1. Фелсон Л.Б., Розенберг Л.С., Гамбургер М. Рентгенологические находки при острой пневмонии Фридлендера. Радиология. 1949; 53: 559–565.

2. Левин Б. Признак сплошной диафрагмы: новоизвестный признак пневмомедиастинума. Clin Radiol. 1973; 24: 337–338.

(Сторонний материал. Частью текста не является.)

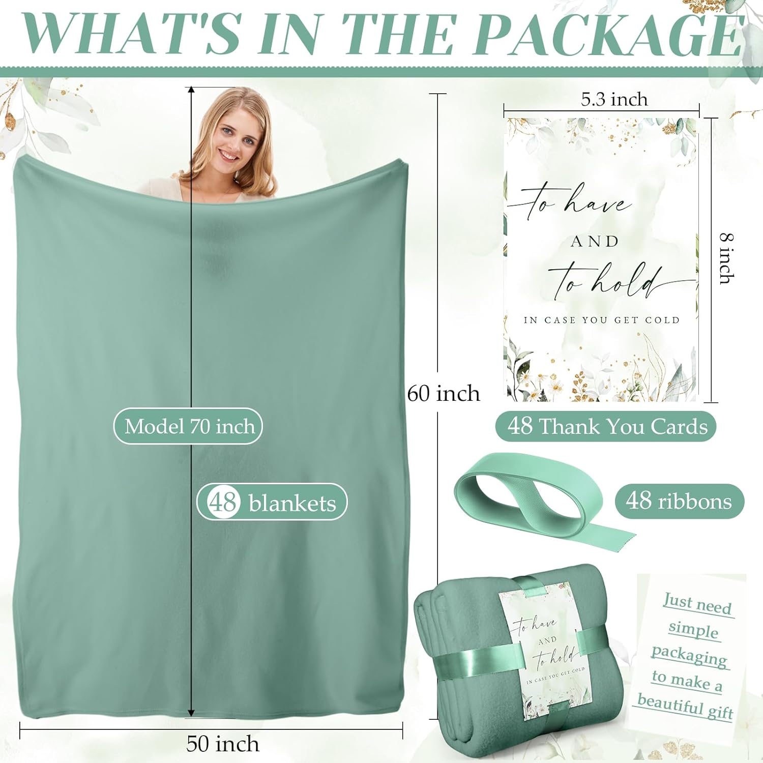 - Package Includes: you will receive 48 pieces of lake blue fleece blankets; The size is 50 x 60 inches, each fleece throw blanket comes with 1 ribbon and 1 thank you card, which can be supplied as a gift for you to give on any occasion, express your gratitude through these universal thank you cards; Ideal for your wedding, baby shower, graduation, bridal shower, birthday, engagement, anniversary, party

3. Им Дж. Г., Хан М. С., Ю Э. Дж. Долевой бронхиолоальвеолярный рак: «знак ангиограммы» на компьютерной томографии. Радиология. 1990; 176: 749–753.

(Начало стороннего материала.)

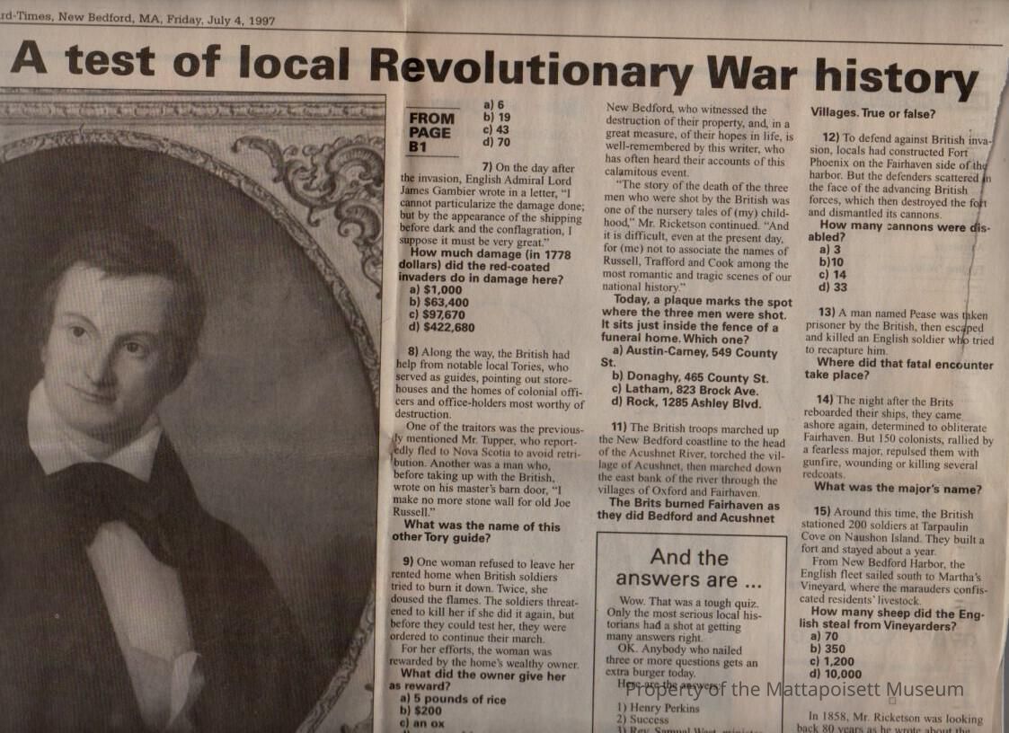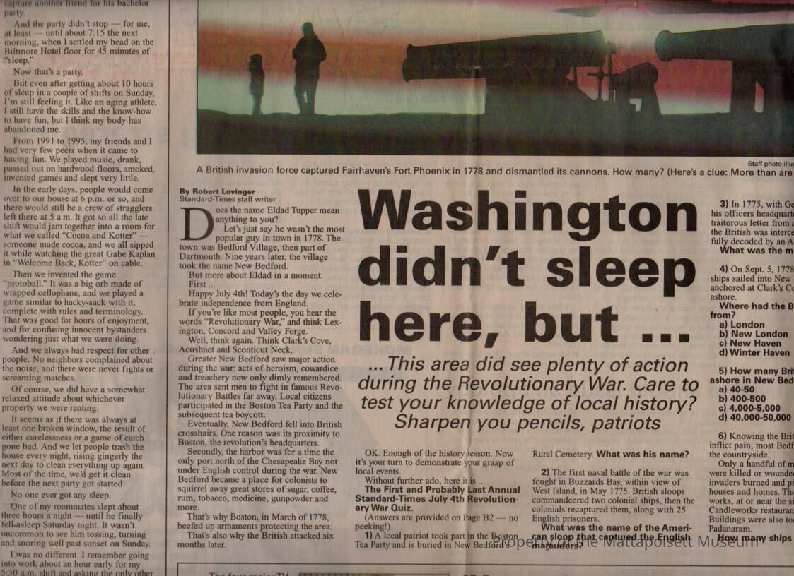 Standard-Times article "Washington didn't sleep here, but..." A test of local Revolutionary War history.Collection

4. Винсент Дж. М., Нг Ю. Ю., Нортон А. Дж. И др. КТ «признак ангиограммы» при первичной лимфоме легкого. J Comput Assist Tomogr. 1992; 16: 829–831.

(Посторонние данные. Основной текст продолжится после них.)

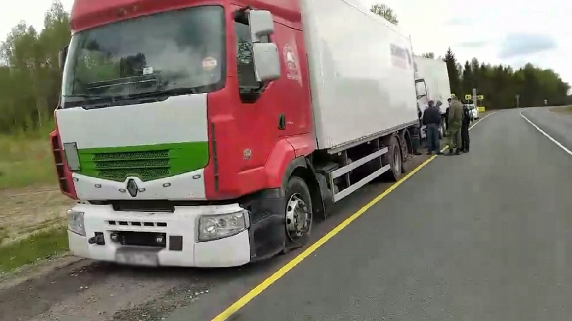 В Смоленской области в районе населенного пункта Понятовка Шумячского района сотрудниками областного пограничного управления ФСБ России были выявлены три большегрузных автомобиля, двигавшихся на высокой скорости в направлении города Рославль. Совместно с полицейскими ОБ ДПС по обслуживанию автодорог федерального значения ГИБДД УМВД России по Смоленской области были предприняты меры для остановки большегрузов. Однако водители проигнорировали законные требования полицейских и, ускоряясь, продолжили движение. Стражи правопорядка организовали преследование.

5. Гордон Р.Признак глубокой борозды. Радиология. 1980; 136: 25–27.

6. Oh KS, Fleischner FG, Wyman SM. Характерная легочная находка при травматическом полном разрезе главного стволового бронха. Радиология. 1969; 92: 371–372.

7. Армстронг П. Основные закономерности при заболеваниях легких. В: Armstrong P, Wilson AG, Dee P, Hansell DM, eds. Визуализация болезней грудной клетки . 2-е изд. Сент-Луис, Миссури: Мосби; 1995: 89.

8. Гефтер ВБ. Спектр легочного аспергиллеза. J Визуализация грудной клетки. 1992; 7: 56–74.

9. Голден Р. Влияние бронхостеноза на рентгеновские тени при карциноме бронха. Am J Roentgenol. 1925; 13: 21–30.

10. Primack SL, Hartman TE, Lee KS, Müller NL. Узелки в легких и признак гало КТ. Радиология. 1994; 190: 513–515.

11. Кульман JE, Фишман EK, Siegelman SS. Инвазивный аспергиллез легких при остром лейкозе: характерные данные КТ, признак ореола КТ и роль КТ в ранней диагностике. Радиология. 1985; 157: 611–614.

12. Хэмптон А.О., Кастлман Б. Корреляция посмертных телерентгенограмм грудной клетки с результатами аутопсии с особым упором на тромбоэмболию легочной артерии и инфаркт. Am J Roentgenol. 1940; 43: 305–326.

13. Каттан К.Р., Эйлер В.Р., Фелсон Б. Юкстафренический пик в коллапсе верхней доли. Семин Рентгенол. 1980; 15: 187–193.

14. Бургель Э., Олек Х.Г. Ueber die rechtsseitige paramediastinale Luftsichel bei Oberlappenschrumpfung. Рофо . 1960; 93: 160–163.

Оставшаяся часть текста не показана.